When shrill-tongu’d Fulvia scolds. The messengers!

Ant.Let Rome in Tiber melt, and the wide arch

Of the rang’d empire fall! Here is my space.

Kingdoms are clay; our dungy earth alike

Feeds beast as man; the nobleness of life

Is to do thus; when such a mutual pair[Embracing.

And such a twain can do ’t, in which I bind,

On pain of punishment, the world to weet

We stand up peerless.

Cleo.Excellent falsehood!

Why did he marry Fulvia and not love her?

I’ll seem the fool I am not; Antony

Will be himself.

Ant.But stirr’d by Cleopatra.

Now, for the love of Love and her soft hours,

Let’s not confound the time with conference harsh:

There’s not a minute of our lives should stretch

Without some pleasure now. What sport to-night?

Cleo.Hear the ambassadors.

Ant.Fie, wrangling queen!

Whom every thing becomes, to chide, to laugh,

To weep; whose every passion fully strives

To make itself, in thee, fair and admir’d.

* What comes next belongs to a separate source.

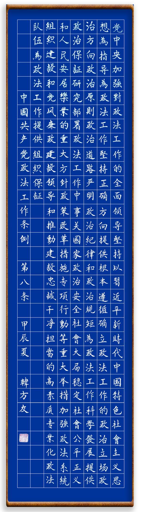 《中國共產(chǎn)黨政法工作條例》對黨領(lǐng)導新時代政法工作進行全面制度擘畫,為黨領(lǐng)導政法工作提供基本遵循,具有重大而深遠的意義。為學習好、宣傳好、貫徹好、實施好這部黨內(nèi)法規(guī),繼《中華人民共和國民法典》《中華人民共和國憲法》《信訪工作條例》《中華人民共和國澳門特別行政區(qū)基本法》《中華人民共和國香港特別行政區(qū)基本法》等法律法規(guī)之后,“書·法”系列活動將筆端對準《中國共產(chǎn)黨政法工作條例》。

No messenger, but thine; and all alone,

To-night we’ll wander through the streets and note

The qualities of people. Come, my queen;

Last night you did desire it: speak not to us.[Exeunt ANTONY and CLEOPATRA, with their Train.

Dem.Is Cæsar with Antonius priz’d so slight?

Phi.Sir, sometimes, when he is not Antony,

He comes too short of that great property

Which still should go with Antony.

Dem.I am full sorry

That he approves the common liar, who

Thus speaks of him at Rome; but I will hope

Of better deeds to-morrow. Rest you happy![Exeunt.